@snappy Thanks for the compliment, but there are many great people on the forum who help new users. We are fortunate to have those people who are not only very experienced on the machine, but very experienced with recording and engineering in general.
There is a way to pull up a waveform and that is by pressing the jog button. That waveform won't tell you anything useful regarding phase. When you have your snare track up in the mix, and you add the overhead tracks to the mix and it sounds good, you have nothing to worry about. I have never had to reverse the polarity on a set of overhead drum mics.
In my personal experience, it only becomes a problem if microphones are close to being diametrically opposed to each other, such as a snare drum mic facing down on the top and one on the bottom facing up. But that being said, it's not an absolute hard and fast rule. What matters is how it sounds. And I have had occasion to leave the microphones out of phase and it sounded better ("phase" is really an incorrect term in this situation because phase is time based and this is really polarity +/- 180°). Indiscriminately reversing the polarity on microphones can introduce problems at mixdown time.

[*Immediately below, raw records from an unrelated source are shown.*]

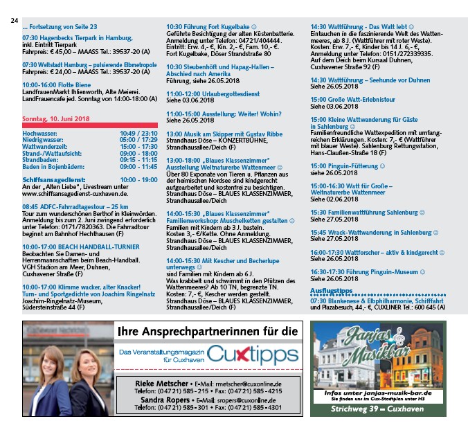 und Plazabesuch, 44,- ¤, CUXLINER Tel.: 600 645 (A)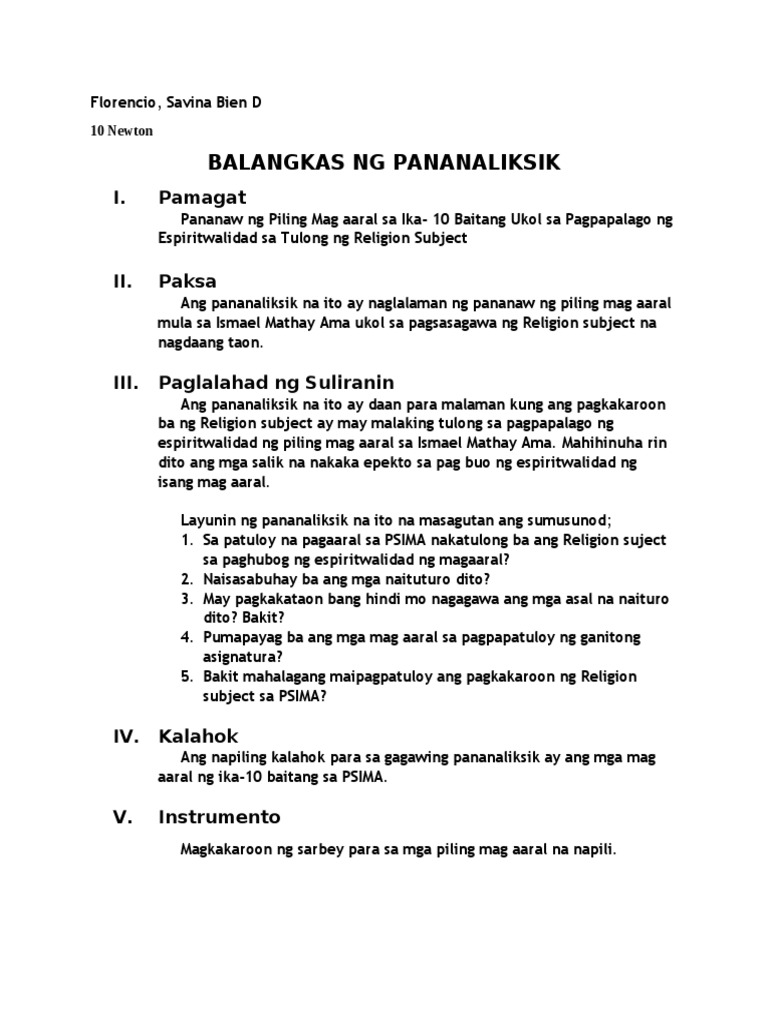 Malaki ang maitutulong ng isinagawang pansamantalang balangkas upang maging madali ang pananaliksik sapagkat may direksiyon kang sinusunod. Ang mga simpleng imbensyon katulad ng ating ilaw telebisyon at mga sasakyan ay produkto ng pananaliksik. Hindi maapektuhan ng pagtatanggal sa kursong Filipino sa kolehiyo ang pananaliksik na maka-Pilipino.
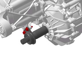 - Release the bolts (x2) that secure the jackshaft to the drive unit (torque 30 Nm).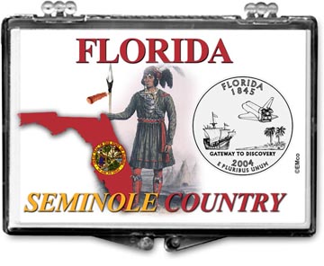 Edgar Marcus Snaplock Holders are made in the USA from high quality, crystal clear polystyrene. Each holder includes a cardboard insert featuring unique and beautiful artwork. The insert is hole-punched the perfect size to hold a coin relevant to the artwork. These holders are great for gift giving, rewards and storing and displaying collectible coins. This holder is designed to hold a Florida state (or national park) quarter and features ''Seminole Country'' artwork. Coins shown in the picture are for illustration purposes only and are not included.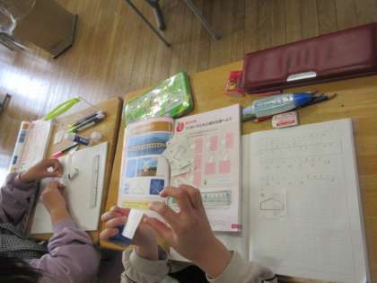 たくさんの形があります。それらを形の特徴に目を付けて仲間分けしていきました。具体的に作業することで、理解は定着しやすくなりますね。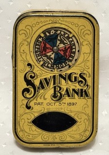 Antique 1897 Rectangle Tin Metal MECHANICAL BANK Box Spinning Dial SAVINGS BANK View item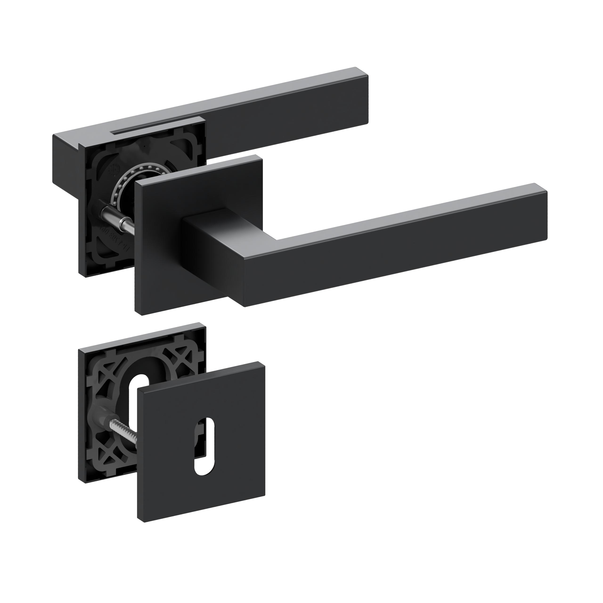 The perfect combination of style and functionality for your door! With our innovativeplain bearing technology slidebloc® made of glass fiber-reinforced polyamide or the maintenance-free ball bearing technology pullbloc® made of hardened steel, we offer you the highest quality. Our rose set is certified in accordance with DIN EN 1906, which gives you additional security. The surface in black satin gives your door a sophisticated style, while the narrow 5 mm rosettes ensure a modern appearance.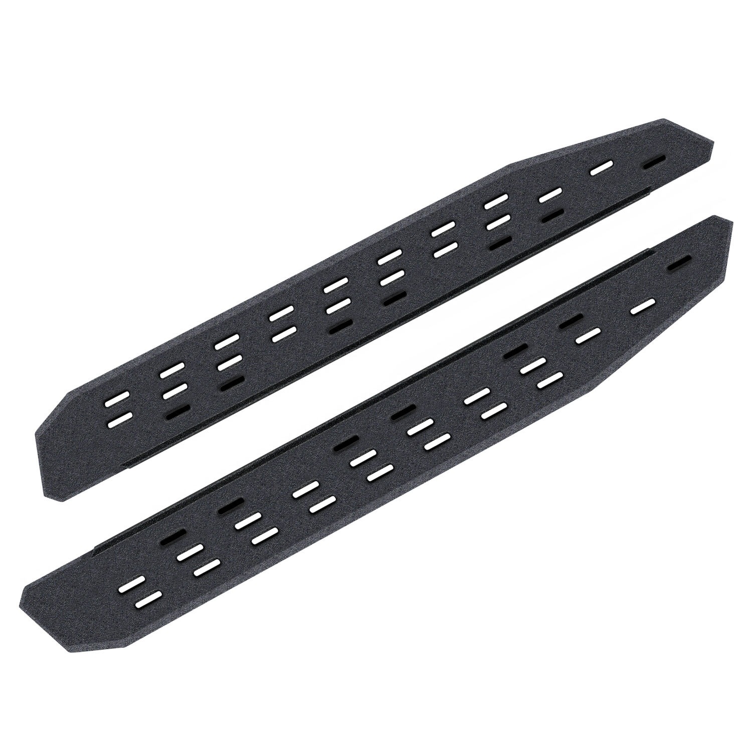 Meet the third edition of the legendary Go Rhino RB Series of running boards: the RB30. The RB30 is the next generation of Raptor-inspired design that will make your truck, Jeep, Bronco or SUV stand out from the crowd. With its aggressive, stylish appearance, this cab-length, bolt-on side step provides maximum traction and features an open flow-through design that prevents mud, ice, and snow from accumulating. The corrosion-resistant 16-gauge steel step mounts tightly to factory mounting points along the lower rocker panel, providing plenty of clearance for off-roading, and it’s strong enough to support 300 lbs. per stepping surface for 600 lbs. per board. The RB30 Running Board is 7” wide for most its length before it tapers. All RB Series Running Boards are available in Textured Black Powder Coat or Protective Bedliner finish, made in North America and offer a limited lifetime warranty against manufacturer and material defects, with a 5-year warranty on the finish.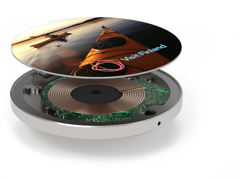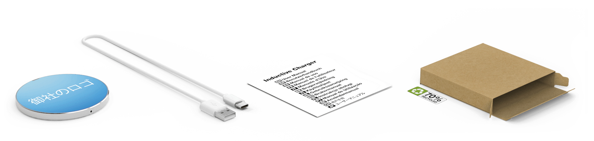 マグネットボックス(ワイヤレス充電器)には商品の形状に合わせたスポンジ状クッションが入っており、しっかりと商品を固定することができます。フタ部分のマグネットにより簡単に開閉できます。フタ部分にはスクリーン印刷にて御社のロゴやURLなどを印刷することが可能。カンファレンスやイベント時にぴったりのアクセサリです。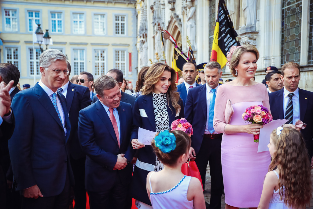Their Majesties King Abdullah and Queen Rania with Their Majesties King Philipe and Queen Mathilde during a tour in Brugge city

Of course, you can always reverse the polarity on the channel, but unless you've taken really good notes you may not remember which microphones you pressed the magic button on.
FWIW, I never centered my overhead mics on the snare - I centered the overhead mics on the cymbals. But I also had mics on the snare too.
The bottom line is, if it sounds good then it's okay. And to this day, I've never seen the waveforms of any of that stuff I did in the old days on 24 tracks - even my own records. Unless I were to import the mixdown track into a DAW and look at it, I would have no reason to see it. Trust your ears.